Nuestro fondo editorial en www.paginasdeespuma.com
© Clara Obligado, 2021
© Fotografía y arreglo floral de cubierta: Alex F. Banegas y Julieta Obligado.
Retoque fotográfico: Manolo Yllera.
© De esta portada, maqueta y edición: Editorial Páginas de Espuma, S. L., 2021
Editorial Páginas de Espuma
Madera 3, 1.º izquierda
28004 Madrid
Teléfono: 91 522 72 51
Correo electrónico: info@paginasdeespuma.com
Para Max Siedlecki, en el comienzo
Si pudiera ser un indio, ahora mismo, y sobre un caballo a todo galope, con el cuerpo inclinado y suspendido en el aire, estremeciéndome sobre el suelo oscilante, hasta dejar las espuelas, pues no tenía espuelas, hasta tirar las riendas, pues no tenía riendas, y solo viendo ante mí un paisaje como una pradera segada, ya sin el cuello y sin la cabeza del caballo.
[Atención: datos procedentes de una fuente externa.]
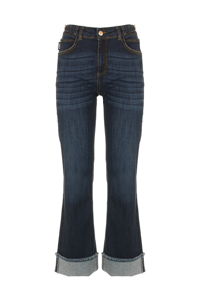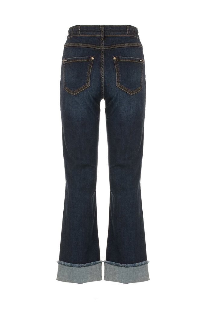 Imperfect denim, blue color, buttons and zip closure, 5-pocket design, slightly elasticized

Franz Kafka, El deseo de ser un indio
Sur
Hay un origen.
Estoy sentada en una terraza. Cruje el sillón pintado de blanco. En la esquina, un tiesto, que entonces llamo maceta. Lo veo casi en otra dimensión. Es un geranio, o malvón, como se le dice en mi tierra.
Veo, pues, el malvón/geranio quebradizo, hojitas polvorientas, rugosas. Veo como los niños ven: inaugurando.
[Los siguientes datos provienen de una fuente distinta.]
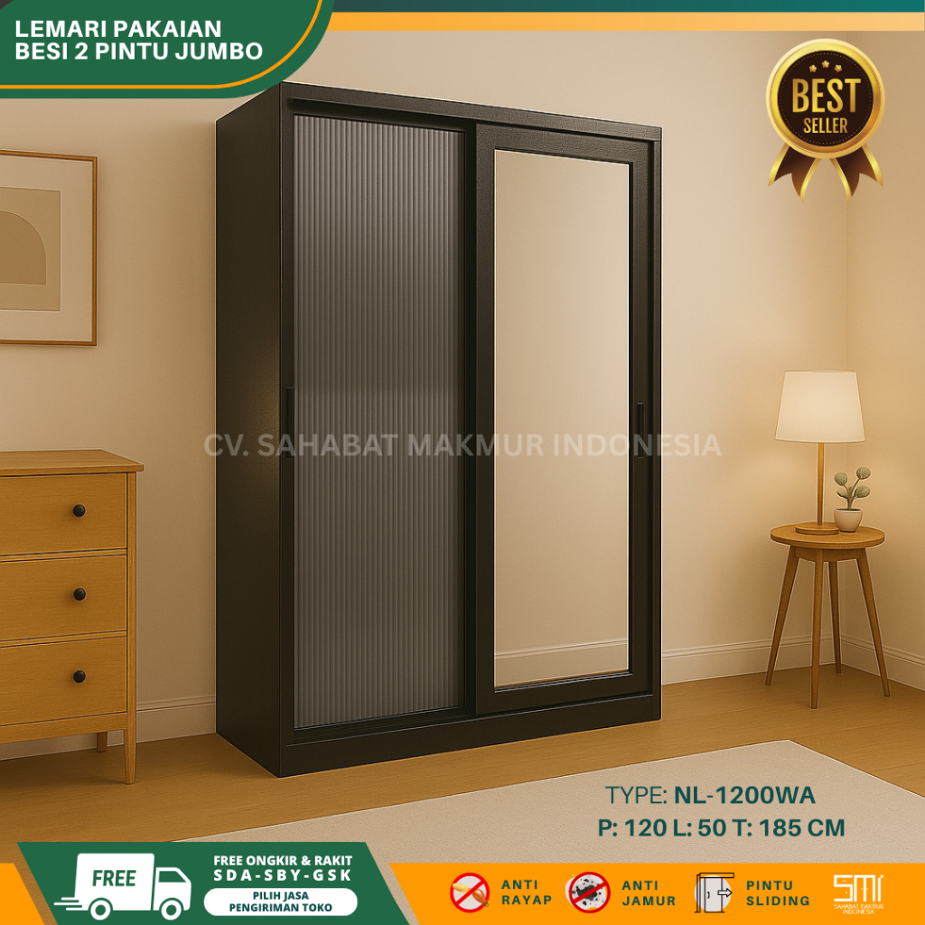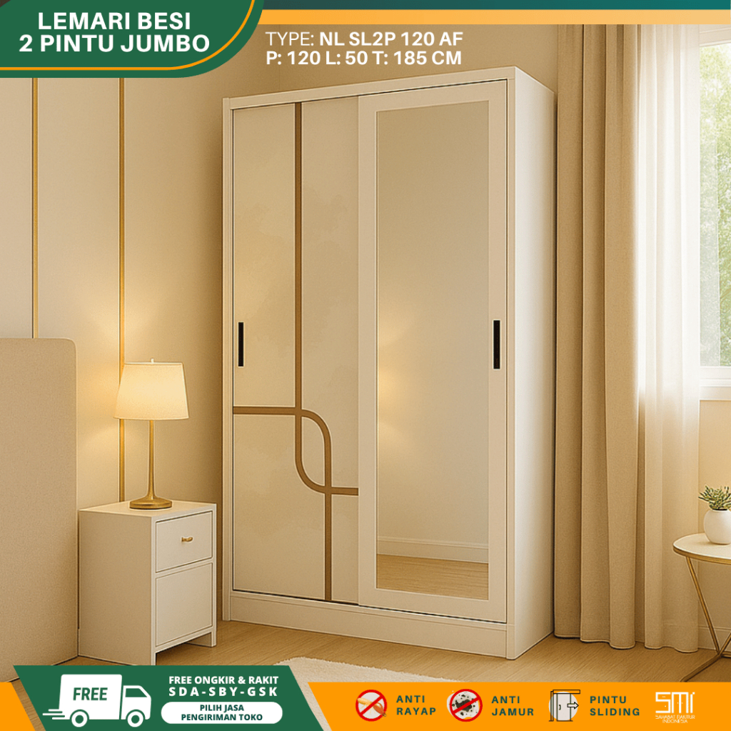 Lemari Besi 2 Pintu Premium Jumbo - Lemari pakaian, lemari besi 120cm, Lemari Sliding,Metal Wardrobe Gratis Ongkir

Una elipsis. La noche y sus terrores, fantasmas desvelados, el latigazo de la lluvia sobre el damero de la terraza. Por la mañana, en un cielo inofensivo, está clavado el sol. El tiesto rezuma humedad y el malvón bailotea desperezándose, estira sus bracitos verdes, en el centro le ha brotado una flor roja. Tengo cinco años y veo un milagro. Soy una Eva que descubre el mundo, el paso del tiempo, la belleza, la fragilidad.
Ese geranio crecerá en mi memoria.
Los sentidos ardientes de los niños, esa mirada obsesiva que descubre nervaduras, patitas, aromas. Antes de que nazcan las palabras están el tacto, el olfato, el oído. Polvo en las alas de las mariposas, antenas que se expanden, la mirada perversa de un saltamontes, cae en tirabuzón la hoja de un eucaliptus. En el tronco enrollado trasiegan las historias infinitas de los insectos. Olor a verano.
Recordamos antes de poder nombrar, hay un mundo de sentidos anterior a las palabras, a la razón, al tiempo, volvemos a él, soñamos con recuperarlo. Un jardín anterior al tiempo, un Edén donde se protege la nostalgia, y a él recurrimos cuando estamos perdidos.
«Entremos más adentro en la espesura»¹. En ese verdor original nos fusionamos con todo lo que crece, somos parte del cosmos. «Parte de», no individuos presuntuosos que se enfrentan solitarios. Leo a María Zambrano.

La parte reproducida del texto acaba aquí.